他社に対して当社の知的財産権を尊重するよう求める一方、他社の知的財産権も尊重しています。
サービス・ソリューション事業への対応
「モノ」「コト」によるソリューションの提供が求められています。サービス・ソリューション事業においては、お客様やパートナーとの協創が鍵となります。お客様やパートナーに提供する知財や協創の過程で生まれる知財、特にデータやノウハウといった知的財産権だけでは保護しきれない知財の取り扱いは重要です。このような知財の取り扱いについて、お客様やパートナーとWin-Winの関係を構築できるよう、PoC(Proof of Concept)フェーズの守秘義務契約から、共同開発契約、事業化フェーズの契約まで知財面からサポートしています。
知財インテリジェンスの提供
事業戦略を検討している部門などを支援するため、事業アイデアの探索、事業アイデアの具体化・事業化、事業拡大という段階に応じて、知財情報などの分析結果を提供する活動に取り組んでいます。このような活動はIPランドスケープとも呼ばれており、知財部門の役割の一つとして認知されてきています。
人財育成と発明者報奨・知的財産権表彰制度
知的財産本部は、日本弁理士10名、中国弁理士1名(2025年4月現在)を擁する専門家集団です。事業のグローバル化に対応できる人財の育成を図るとともに、各人の多様な経験を活かせる組織をめざしています。

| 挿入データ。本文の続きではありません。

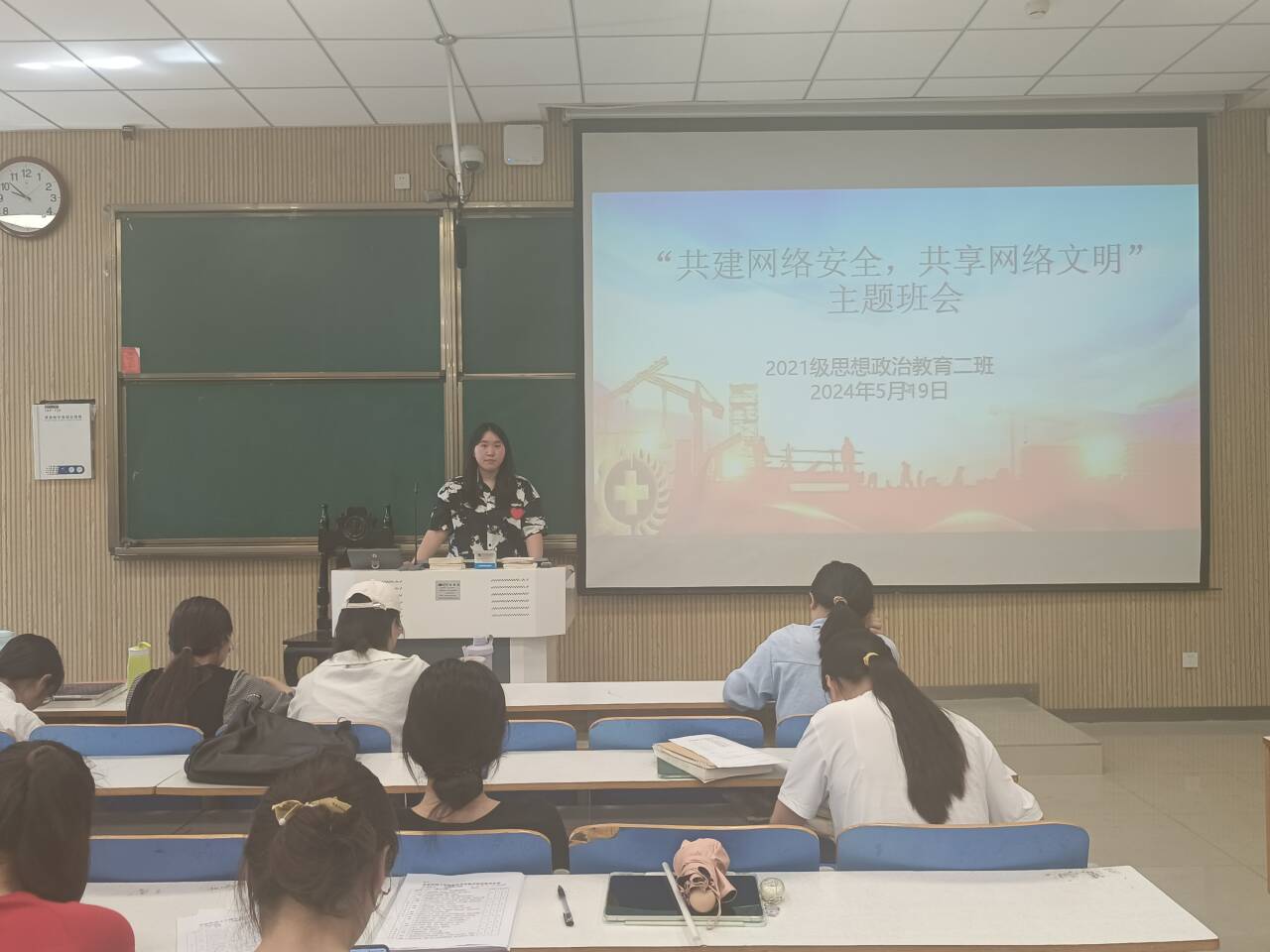 5月19日下午,金年会jinnianhuicom2021级思想政治教育二班在社科楼514教室召开“共建网络安全,共享网络文明”主题班会。2021级思想政治教育二班全体同学参加此次班会。班会由团支书王婧欣主持。
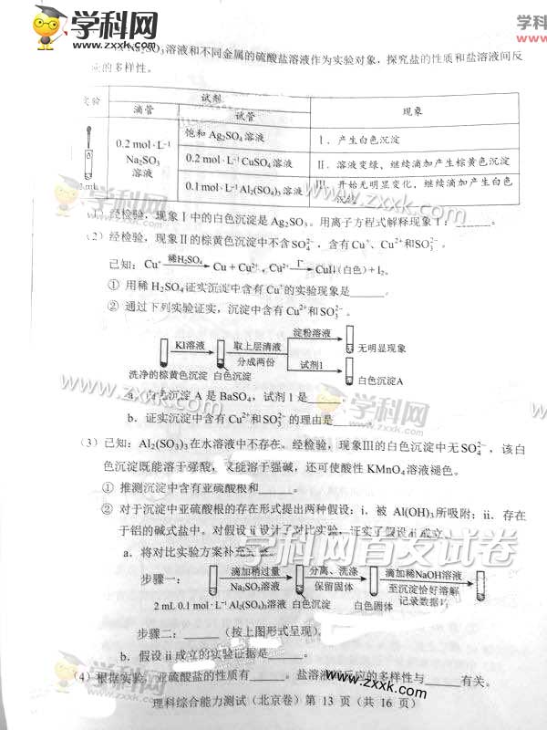 2016年北京高考理综真题及答案(13)

また、従業員への知財教育を実施するとともに、充実した発明者報奨制度、知的財産権表彰制度を設け、従業員の知財創出活動の活性化を図っています。これらの制度は事業環境の変化などに応じて適宜見直しを図っています。
事業のグローバル化に対応した国外知的財産権の強化
当社グループの2024年度海外売上収益比率は70%超となっています。このような事業のグローバル化に対応し、国外での特許出願・権利化を強化しています。なお、2024年度の国外への特許出願比率は73%でした。また、国外グループ会社での開発にあたり知財ポリシーの作成支援など、知財活動のサポートを行っています。
知的財産権データ(特許)
| 年度 | 2020 | 2021 | 2022 | 2023 | 2024 | |
|---|---|---|---|---|---|---|
| 特許出願件数 | 1,623 | 1,548 | 1,775 | 1,828 | 1,837 | |
| 国内 | 407 | 435 | 488 | 491 | 501 | |
| 国外 | 1,216 | 1,113 | 1,287 | 1,337 | 1,336 | |
| 特許保有件数 | 8,572 | 8,900 | 9,213 | 9,786 | 11,138 | |
| 国内 | 3,773 | 3,846 | 3,875 | 3,906 | 4,443 | |
| 国外 | 4,799 | 5,054 | 5,338 | 5,880 | 6,695 | |
各年度のデータは翌年度5月集計時点のデータ
新たなソリューションを生み出す「場」づくり
知財の確保だけでなく部門を超えたソリューション創生の場づくりにも積極的に取り組んでいます。
例えば、製品横断でソリューションアイデアを議論する場の提供を行っています。担当製品の異なる設計部門の技術者を集め、製品単位ではなく当社全体での強みと不足を理解し、事業全体でどうありたいかをより中長期的な視点で製品連携の観点で議論する場を提供することで、製品ごとの価値提供にとどまらない新たなソリューションアイデアの創生に貢献しています。
他にも、お客様の状況をよく知る営業部門やマーケティング部門と、既存製品をよく知る設計部門の技術者を集め、既存の製品・システム構造に縛られない議論ができる場を提供することで、既存製品の開発・改良の過程で得た知見に基づくアイデアにとどまらないソリューションアイデアの創生に貢献しています。